Blind spots

8 Oct

By Si Millican
Assistant Professor of Music Education
The University of Texas at San Antonio

Whenever I am working with a young music education student or a novice conductor, I am often quick to pick up on the very faults that I find in my own teaching or conducting. For instance, I tend to have a blind spot on the left side of the ensemble whenever I conduct, so I often will harp on students to be sure that they circulate in the classroom and make eye contact with the entire group. I tend to talk too much, so often I chastise my students for being unnecessarily verbose.
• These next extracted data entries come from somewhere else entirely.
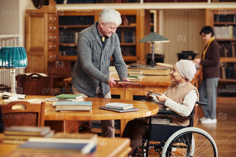 Женщина с инвалидностью в библиотеке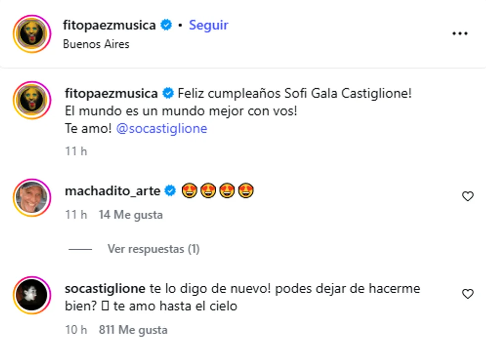 El músico rosarino publicó en su cuenta de Instagram una imagen junto a Gala, acompañada por un mensaje que rápidamente llamó la atención por su tono personal. “Feliz cumpleaños Sofi Gala Castiglione. El mundo es un mundo mejor con vos. Te amo”, escribió Páez.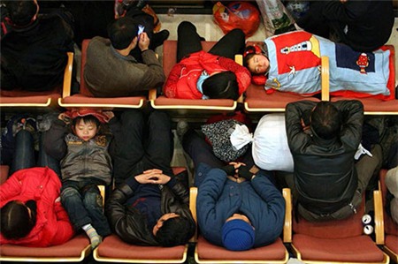 Hành khách nằm đợi tàu ở nhà ga Hàng Châu. (Ảnh: CFP) |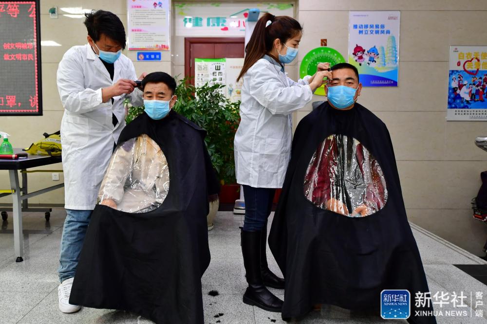 志愿者为山西太原晋源区疾控中心的工作人员理发(2月24日摄)。新华社记者 曹阳 摄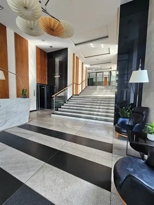Nowoczesny budynek mieszkalny na prestiżowym osiedlu Saska, z całodobową ochroną i recepcją. Osiedle z lokalami handlowo - usługowymi na parterze, położone na granicy Saskiej Kępy i Gocławia. Projekt deweloperski zrealizowano w 2012 roku przez Dom Development - znanego i cenionego na rynku dewelopera.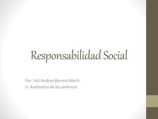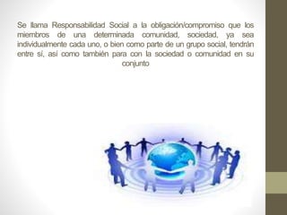 La responsabilidad social se refiere a la obligación de los individuos y grupos hacia la sociedad. Surge de la necesidad de las personas de relacionarse y cumplir reglas de comportamiento. En la antigua Grecia y Roma, la responsabilidad social implicaba la participación ciudadana y el respeto a las leyes. En la Edad Media, la responsabilidad social significaba aceptar la religión y respetar la privacidad y propiedad ajenas. Hoy en día, la responsabilidad social incluye la responsabilidad empresarial, gubernamental, ambiental e individual.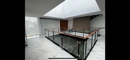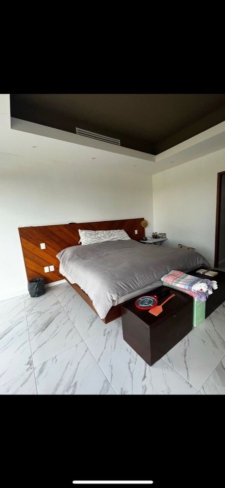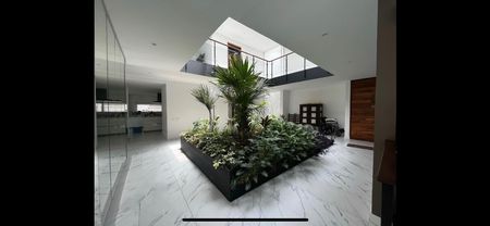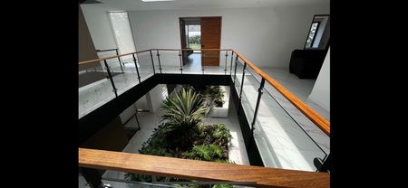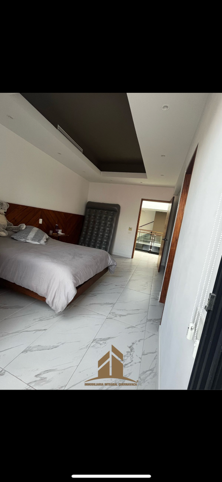 V5 habitaciones todas con baños completos, una de ellas acondicionada como gimnasio en el sótano de la casa, tres habitaciones en la planta alta, y una mas en el "roof

I see variations of my own faults in my own students’ work, yet I am often unable to more clearly see deficits in teaching or presentation skills that I struggle with myself. Public-school music teachers often become isolated and develop performance and pedagogical blind spots in their classroom teaching. As a university professor, I often fall back into my own pedagogical comfort zone based on my experiences and strengths. What are some ways we can be sure that we are not overlooking important teaching or conducting problems?
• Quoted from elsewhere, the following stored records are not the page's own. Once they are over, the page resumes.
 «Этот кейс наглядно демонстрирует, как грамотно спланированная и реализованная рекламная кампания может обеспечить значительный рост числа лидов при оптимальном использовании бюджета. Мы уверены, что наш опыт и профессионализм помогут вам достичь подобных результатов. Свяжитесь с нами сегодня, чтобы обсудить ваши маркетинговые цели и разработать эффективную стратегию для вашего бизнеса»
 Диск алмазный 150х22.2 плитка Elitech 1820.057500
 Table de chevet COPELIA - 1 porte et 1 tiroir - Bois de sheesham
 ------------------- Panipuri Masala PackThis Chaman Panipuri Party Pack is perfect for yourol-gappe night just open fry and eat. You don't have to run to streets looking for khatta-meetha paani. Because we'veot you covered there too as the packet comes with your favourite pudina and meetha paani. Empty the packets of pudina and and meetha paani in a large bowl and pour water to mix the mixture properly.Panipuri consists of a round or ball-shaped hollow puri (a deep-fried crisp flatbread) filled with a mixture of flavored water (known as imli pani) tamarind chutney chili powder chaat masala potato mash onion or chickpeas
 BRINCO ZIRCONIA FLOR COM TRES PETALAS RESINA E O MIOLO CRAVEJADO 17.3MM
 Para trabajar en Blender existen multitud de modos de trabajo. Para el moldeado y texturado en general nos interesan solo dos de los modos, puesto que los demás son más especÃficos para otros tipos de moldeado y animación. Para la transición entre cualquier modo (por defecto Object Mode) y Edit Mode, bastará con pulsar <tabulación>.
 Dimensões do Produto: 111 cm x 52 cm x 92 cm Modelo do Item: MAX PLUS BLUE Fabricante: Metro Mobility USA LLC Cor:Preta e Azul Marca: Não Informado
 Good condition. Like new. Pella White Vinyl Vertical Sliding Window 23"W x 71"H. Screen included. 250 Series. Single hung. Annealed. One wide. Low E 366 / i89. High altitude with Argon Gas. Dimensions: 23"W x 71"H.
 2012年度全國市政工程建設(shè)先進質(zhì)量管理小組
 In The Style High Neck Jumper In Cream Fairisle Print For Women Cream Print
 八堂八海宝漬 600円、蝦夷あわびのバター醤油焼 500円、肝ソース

  • Open your doors. Invite other teachers and professors that you respect to come in and visit your classrooms. Ask expert visitors to be active participants in your classrooms rather than passive observers. Invite their comments and have them interact with your students. Their insights can be quite revealing and remind us of other important aspects of teaching that we may have overlooked. (Be sure that you warn them in advance that you will make them active participants!)
  • Get out. Get out of your usual surroundings and visit other classrooms. Visit other campuses and see great teachers. If you are a university teacher, get into public school classrooms as often as possible. I never leave a visit to observe a student teacher or a friend who teaches band classes without remembering something important that I must share with my students.
  • Stay current. Read research journals, trade magazines, and great websites to stay on top of the latest news and discoveries related to the field. Go to as many concerts and clinics as you can.
  • Orient yourself. Go to as many great concerts as you can. Taking in a great wind ensemble concert, a symphony performance, or even a great marching band contest can be a great way to recalibrate your ears and mind as to what is really important in music. You may even be reminded why you chose this profession in the first place.